Glance at the Diocese of Waikato website and you learn that Bishop Moxon has been “heavily involved in liturgical education and development.”

He’s taken a lead in the development in Local Shared Ministry, and he presently co-chairs this country’s Anglican /Roman Catholic Commission. He also represents New Zealand on the Australasian Committee of St George’s College, Jerusalem, and the Australasian Advisory Council on the Religious Life.

As well as being the liaison bishop for Anglican religious in Aotearoa New Zealand and Polynesia, he also represents the bishops on the Tikanga Pakeha Anglican Care Network.

“All of these things,” he reports, “reflect major passions of mine. None of them is a duty: they all are a joy.
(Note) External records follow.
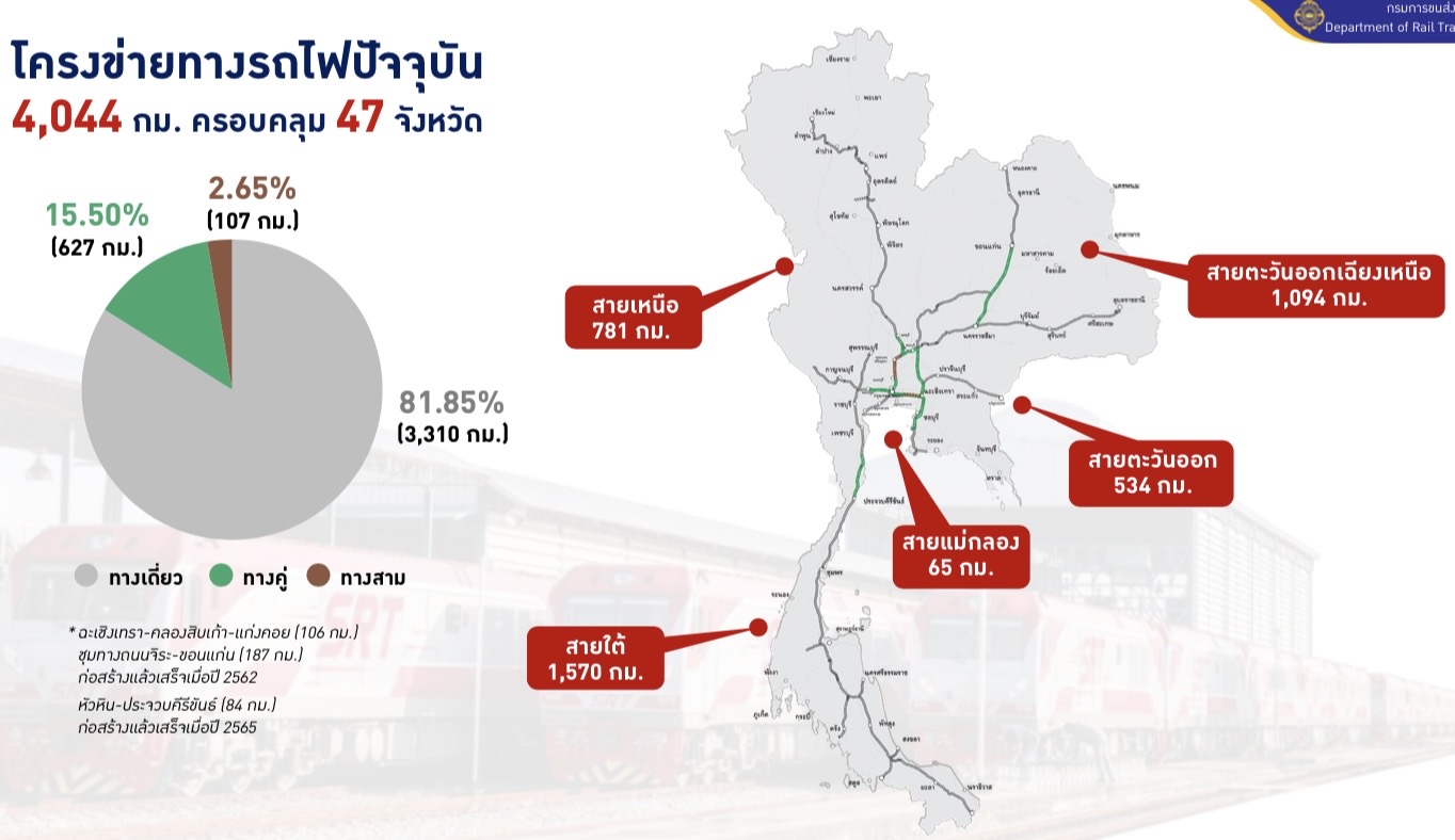 – ทางบก พัฒนาทางถนนเพิ่มขึ้นเป็นมากกว่า 12,000 กิโลเมตร และมอเตอร์เวย์ 3 สายบางปะอิน-โคราช, บางใหญ่-กาญจนบุรี, พัทยา-มาบตาพุด รวม 260 กิโลเมตร, สะพานข้ามทะเลสาบสงขลา และสะพานเชื่อมไทย-ประเทศเพื่อนบ้าน, รถไฟฟ้า 12 สาย, โครงข่ายทางรถไฟ 4,044 กิโลเมตรครอบคลุม 47 จังหวัด แบ่งเป็น ทางคู่ 14 เส้นทาง ระยะทางประมาณ 2,500 กิโลเมตร, ทางรถไฟสายใหม่ 10 เส้นทาง,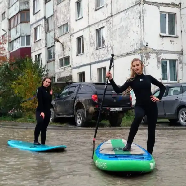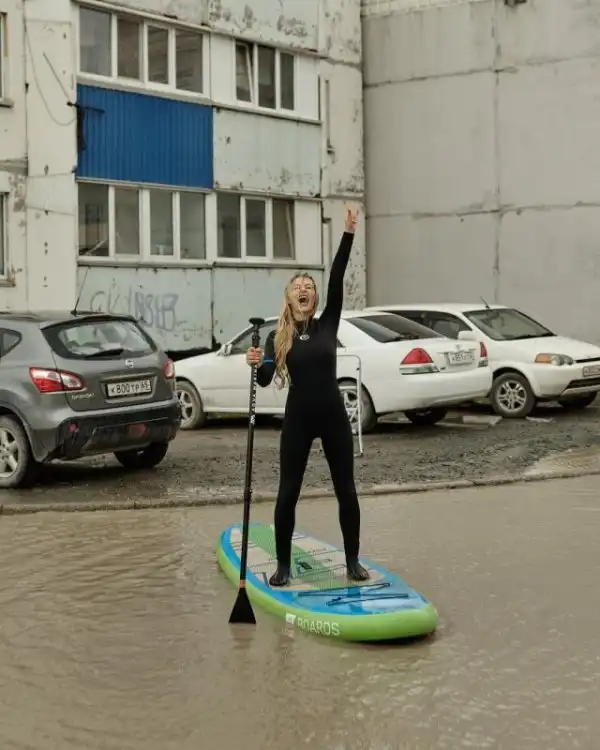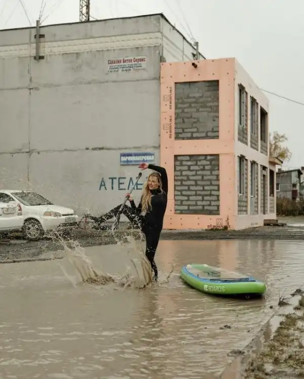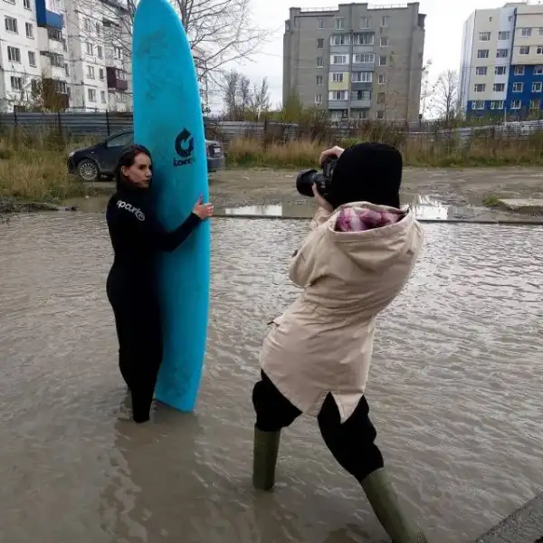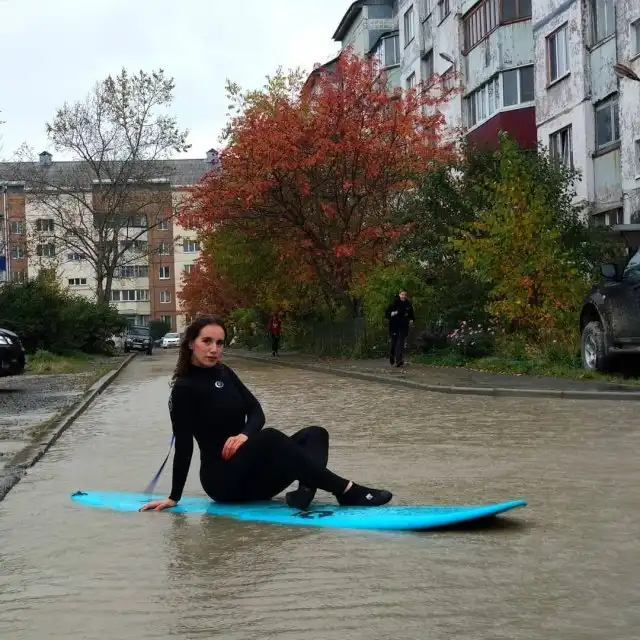 Мы уже рассказывали про Instagram лужи на Тихоокеанской улице в Южно-Сахалинске, где жители публикуют забавные кадры из жизни двора. Сегодня же там появилась фотосессия девушек на досках для sup-серфинга. Помимо красоты - сделано это для привлечения внимания к проблеме данной лужи. К слову, решить ее не могут уже 25 лет! Недавно в пресс-службе мэрии заявили: в следующем году "достопримечательность" отремонтируют.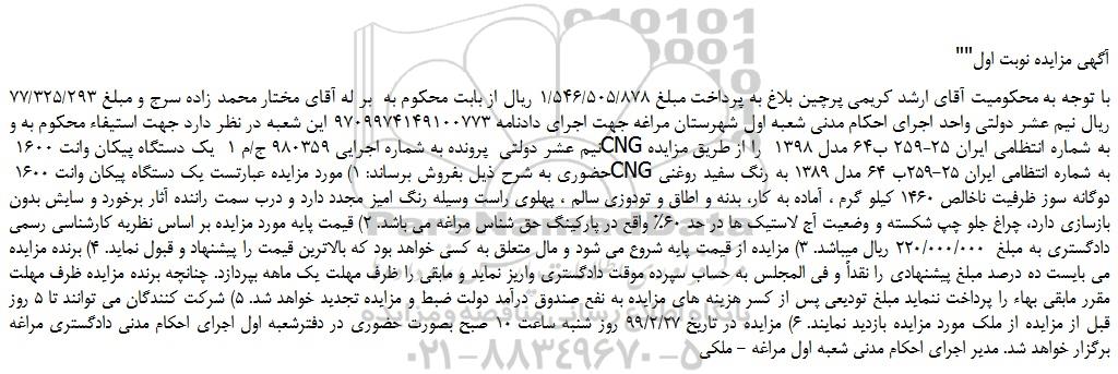 با توجه به محکومیت آقای ارشد کریمی پرچین بلاغ به پرداخت مبلغ 1/546/505/878 ریال از بابت محکوم به بر له آقای مختار محمد زاده سرج و مبلغ 77/325/293 ریال نیم عشر دولتی واحد اجرای احکام مدنی شعبه اول شهرستان مراغه جهت اجرای دادنامه 9709974149100773 این شعبه در نظر دارد جهت استیفاء محکوم به و نیم عشر دولتی پرونده به شماره اجرایی 980359 ج/م 1 یک دستگاه پیکان وانت 1600 CNG به شماره انتظامی ایران 25-259 ب64 مدل 1398 را از طریق مزایده حضوری به شرح ذیل بفروش برساند: 1) مورد مزایده عبارتست یک دستگاه پیکان وانت 1600 CNG به شماره انتظامی ایران 25-259ب 64 مدل 1389 به رنگ سفید روغنی دوگانه سوز ظرفیت ناخالص 1460 کیلو گرم ، آماده به کار، بدنه و اطاق و تودوزی سالم ، پهلوی راست وسیله رنگ امیز مجدد دارد و درب سمت راننده آثار برخورد و سایش بدون بازسازی دارد، چراغ جلو چپ شکسته و وضعیت آج لاستیک ها در حد 60% واقع در پارکینگ حق شناس مراغه می باشد. 2) قیمت پایه مورد مزایده بر اساس نظریه کارشناسی رسمی دادگستری به مبلغ 220/000/000 ریال میباشد. 3) مزایده از قیمت پایه شروع می شود و مال متعلق به کسی خواهد بود که بالاترین قیمت را پیشنهاد و قبول نماید. 4) برنده مزایده می بایست ده درصد مبلغ پیشنهادی را نقداً و فی المجلس به حساب سپرده موقت دادگستری واریز نماید و مابقی را ظرف مهلت یک ماهه بپردازد. چنانچه برنده مزایده ظرف مهلت مقرر مابقی بهاء را پرداخت ننماید مبلغ تودیعی پس از کسر هزینه های مزایده به نفع صندوق درآمد دولت ضبط و مزایده تجدید خواهد شد. 5) شرکت کنندگان می توانند تا 5 روز قبل از مزایده از ملک مورد مزایده بازدید نمایند. 6) مزایده در تاریخ 99/2/27 روز شنبه ساعت 10 صبح بصورت حضوری در دفترشعبه اول اجرای احکام مدنی دادگستری مراغه برگزار خواهد شد. مدیر اجرای احکام مدنی شعبه اول مراغه - ملکی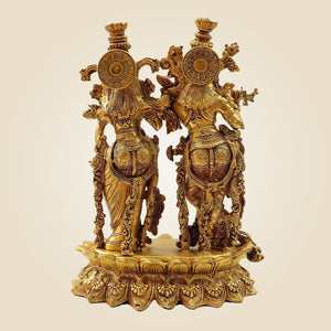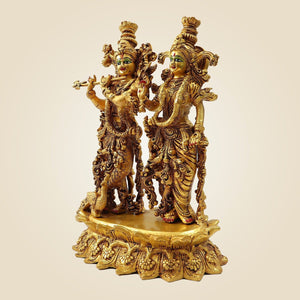 This exquisite South Indian style brass idol features Radha and Krishna masterfully crafted in traditional form, accompanied by a detailed peacock symbolizing beauty and spirituality. Measuring 13.5 inches, this statue is a perfect blend of artistry and devotion, ideal for enhancing your sacred space or home décor with a touch of divine elegance. Its durable brass construction ensures lasting shine and cultural authenticity.

“In fact, there are two things that the church needs to do most urgently: warm up the liturgy in creative ways, so that it offers people a multi-dimensional experience of the Spirit of God; and secondly, we need to become much more engaged with our communities in service and prophetic action.”

His tupuna’s treasure

The more I learn about Archbishop David Moxon, the more I sense that experiences from his past – even from generations past – have not been random, chance phenomena. Nothing of value has been discarded.

His boyhood Anglican formation, his early experience of multicultural things; his introduction to Franciscan spirituality, his studies in psychology, even his loss of faith during his student years – all have contributed to the making of the man we see now.

He agrees: “One of the lovely things I’ve found as I get older is to discover my taproots. For example: I’m developing a deeper and deeper love for my mother’s great, great grandparents, James and Mary Preece, the Urewera missionaries.

“I’m amazed by them and treasure their example. They had terrible lives. They’d lost children, they had been very ill, misunderstood, and suffered terrible loneliness … they had planted three missions, and each did well in their own way, in spite of difficulties.

“Bishop Selwyn refused to ordain James Preece because he couldn’t read New Testament Greek. Somebody said I was his revenge…

“And at the end of his life, just before he died, James Preece wrote in his journal: ‘I would do it all again, for the privilege of sharing the immeasurable riches of Christ.’

“That sums up my psychology of being Christian. We are earthen vessels, which hold this amazing treasure. We might be cracked pots, or half-baked pots … but we hold this amazing treasure. That’s how I can live with myself, and how I hope I see other people.”